Senescent-like border-associated macrophages regulate cognitive aging via migrasome-mediated induction of paracrine senescence in microglia.

Aging is a major risk factor for various neurological disorders, including Alzheimer's disease, and is associated with the accumulation of senescent cells, which can themselves propagate the senescence process through paracrine signaling.
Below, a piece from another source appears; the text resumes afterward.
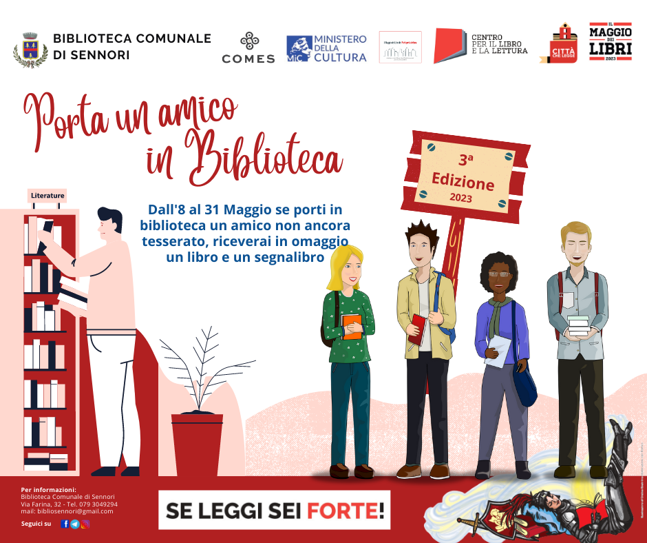 Terza edizione dell'iniziativa "Porta un amico in Biblioteca". Dall'8 al 31 maggio chiunque porti un amico non ancora tesserato in biblioteca per far conoscere i servizi, le attività e le opportunità che offre, riceverà in dono un libro e un segnalibro!

Migrasomes are organelles that form during cellular migration, detach from parent cells and mediate intercellular communication. Here we demonstrate that border-associated macrophages (BAMs) acquire senescence-associated properties during early brain aging, possibly due to prolonged exposure to amyloid beta. Senescent-like BAMs show elevated production of migrasomes, which convey senescence-associated signals including the apoptosis inhibitor of macrophage to neighboring cells. We show that microglia are prominent recipients of senescent-like BAM-derived migrasomes, and that through activation of CD16 in recipient cells, the apoptosis inhibitor of macrophage inhibits apoptosis and promotes senescence induction. Blocking migrasome induction in senescent-like BAMs through treatment with Tspan4-targeting siRNA-encapsulated liposomes ameliorates cognitive deficits in aged mice. Our findings suggest that migrasomes are potent vehicles of senescence-regulatory signals and represent a promising target for senomorphic therapy.